**TASK PROMPT:**
The result should be the full listing copied exactly, with no pictures in it.
AVAILABLE DATA START
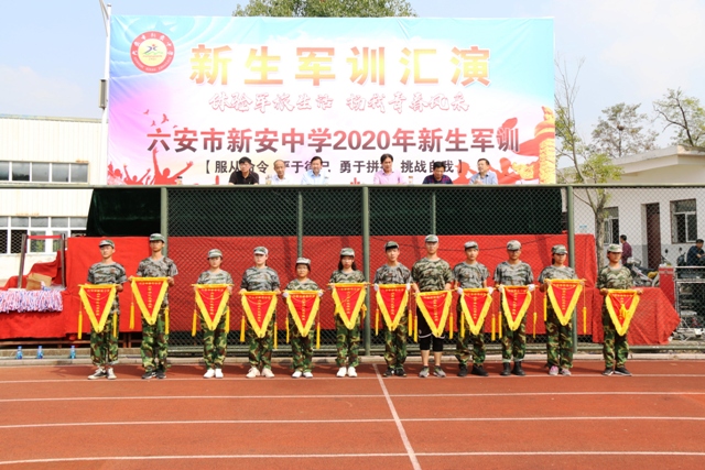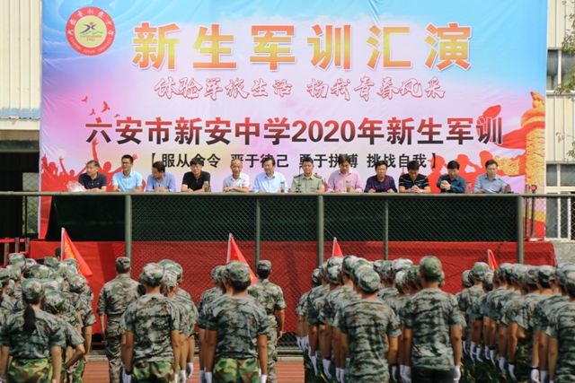 新安中学2020级高一新生在六安市青少年国防教育服务中心25名教官带领下,分早晨、上午、下午和晚上四个时段对学生进行军事训练、国防教育、内务整理、教唱军歌和爱国主义歌曲,期间还穿插进行在国旗下宣誓,整个军训历时五天,按计划圆满完成。
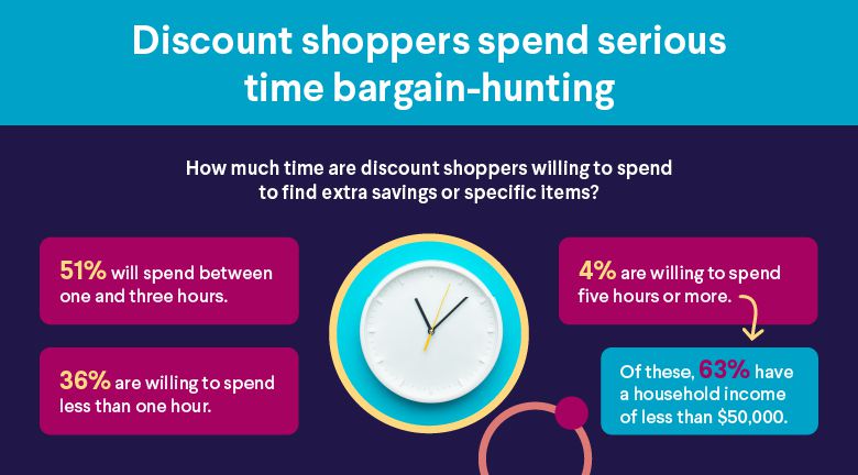 The new wave of smart shoppers are dedicated bargain-hunters. They will invest hours to get a great deal. In fact, more than half (51%) will spend between one and three hours extra to find savings or specific items at discount stores. A dedicated 4% are willing to spend five hours or more. (Of these, 63% have a household income of less than $50,000.)
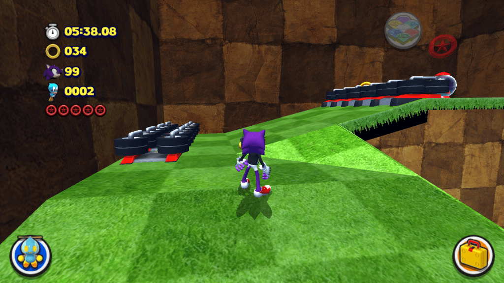 About all of interest that’s left to say regarding layout is the fact that Green Grove has TWO Goal Capsules. One at the end of Act 2 where you’d expect it to be. With another being tucked away atop that ramp. Of course I didn’t just put the Capsule there, feeling the need to throw in a Red Star Ring (which is fair) and THREE extra lives (really?!).
AVAILABLE DATA END
**RESPONSE AREA:**
 新安中学2020级高一新生在六安市青少年国防教育服务中心25名教官带领下,分早晨、上午、下午和晚上四个时段对学生进行军事训练、国防教育、内务整理、教唱军歌和爱国主义歌曲,期间还穿插进行在国旗下宣誓,整个军训历时五天,按计划圆满完成。
 The new wave of smart shoppers are dedicated bargain-hunters. They will invest hours to get a great deal. In fact, more than half (51%) will spend between one and three hours extra to find savings or specific items at discount stores. A dedicated 4% are willing to spend five hours or more. (Of these, 63% have a household income of less than $50,000.)
 About all of interest that’s left to say regarding layout is the fact that Green Grove has TWO Goal Capsules. One at the end of Act 2 where you’d expect it to be. With another being tucked away atop that ramp. Of course I didn’t just put the Capsule there, feeling the need to throw in a Red Star Ring (which is fair) and THREE extra lives (really?!).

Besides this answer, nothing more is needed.